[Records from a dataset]
────────────────
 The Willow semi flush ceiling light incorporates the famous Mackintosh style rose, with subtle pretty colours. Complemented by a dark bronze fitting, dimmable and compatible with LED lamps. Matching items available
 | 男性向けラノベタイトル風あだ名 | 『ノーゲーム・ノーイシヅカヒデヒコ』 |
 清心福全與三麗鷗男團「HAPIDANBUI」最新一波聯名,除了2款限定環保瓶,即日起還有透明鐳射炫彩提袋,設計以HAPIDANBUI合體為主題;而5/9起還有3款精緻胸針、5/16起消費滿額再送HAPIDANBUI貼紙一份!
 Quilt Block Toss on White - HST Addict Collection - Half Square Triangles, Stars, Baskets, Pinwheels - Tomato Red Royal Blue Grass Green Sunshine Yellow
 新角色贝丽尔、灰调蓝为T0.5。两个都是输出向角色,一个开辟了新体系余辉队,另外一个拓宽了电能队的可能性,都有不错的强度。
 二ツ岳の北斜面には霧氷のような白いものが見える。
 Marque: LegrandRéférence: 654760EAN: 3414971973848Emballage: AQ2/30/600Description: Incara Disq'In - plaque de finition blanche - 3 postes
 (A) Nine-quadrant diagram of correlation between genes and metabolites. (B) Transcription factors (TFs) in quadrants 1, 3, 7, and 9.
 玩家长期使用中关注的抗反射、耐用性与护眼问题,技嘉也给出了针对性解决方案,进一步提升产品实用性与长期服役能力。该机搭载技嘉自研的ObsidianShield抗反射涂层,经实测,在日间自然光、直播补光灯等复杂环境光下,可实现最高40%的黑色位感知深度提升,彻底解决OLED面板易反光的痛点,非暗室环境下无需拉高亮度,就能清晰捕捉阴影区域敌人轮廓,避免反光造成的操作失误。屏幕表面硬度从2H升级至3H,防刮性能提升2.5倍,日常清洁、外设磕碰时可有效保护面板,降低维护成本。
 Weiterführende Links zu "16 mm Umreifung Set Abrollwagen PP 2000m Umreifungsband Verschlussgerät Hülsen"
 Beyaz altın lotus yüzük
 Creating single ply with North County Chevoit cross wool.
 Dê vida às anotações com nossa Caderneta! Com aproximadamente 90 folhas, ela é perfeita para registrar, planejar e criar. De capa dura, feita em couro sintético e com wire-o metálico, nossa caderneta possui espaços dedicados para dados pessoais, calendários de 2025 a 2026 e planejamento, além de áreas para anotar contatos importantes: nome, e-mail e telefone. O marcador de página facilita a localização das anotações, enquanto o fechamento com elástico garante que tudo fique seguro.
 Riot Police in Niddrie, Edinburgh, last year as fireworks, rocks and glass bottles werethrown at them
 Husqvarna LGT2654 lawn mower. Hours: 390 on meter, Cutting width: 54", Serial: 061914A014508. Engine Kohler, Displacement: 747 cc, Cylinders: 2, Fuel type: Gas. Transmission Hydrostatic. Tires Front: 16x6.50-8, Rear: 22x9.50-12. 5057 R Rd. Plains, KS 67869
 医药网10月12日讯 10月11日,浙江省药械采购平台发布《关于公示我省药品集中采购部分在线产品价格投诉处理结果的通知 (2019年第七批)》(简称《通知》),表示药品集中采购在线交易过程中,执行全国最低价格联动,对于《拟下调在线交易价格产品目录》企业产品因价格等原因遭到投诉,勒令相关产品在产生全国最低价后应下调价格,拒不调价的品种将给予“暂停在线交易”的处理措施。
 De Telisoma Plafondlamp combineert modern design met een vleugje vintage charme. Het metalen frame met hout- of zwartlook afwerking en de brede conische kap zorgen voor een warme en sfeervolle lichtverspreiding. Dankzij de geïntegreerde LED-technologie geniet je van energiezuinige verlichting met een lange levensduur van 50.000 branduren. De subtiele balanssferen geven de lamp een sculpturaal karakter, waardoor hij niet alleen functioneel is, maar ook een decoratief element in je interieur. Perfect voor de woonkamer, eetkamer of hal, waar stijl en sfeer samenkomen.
────────────────
Requirement :: Using the data above, reproduce exactly the lines from the line that contains "Beyaz altın lotus yüzük" through the line that contains "Riot Police in", including both.

Solution to this exercise ::
 Beyaz altın lotus yüzük
 Creating single ply with North County Chevoit cross wool.
 Dê vida às anotações com nossa Caderneta! Com aproximadamente 90 folhas, ela é perfeita para registrar, planejar e criar. De capa dura, feita em couro sintético e com wire-o metálico, nossa caderneta possui espaços dedicados para dados pessoais, calendários de 2025 a 2026 e planejamento, além de áreas para anotar contatos importantes: nome, e-mail e telefone. O marcador de página facilita a localização das anotações, enquanto o fechamento com elástico garante que tudo fique seguro.
 Riot Police in Niddrie, Edinburgh, last year as fireworks, rocks and glass bottles werethrown at them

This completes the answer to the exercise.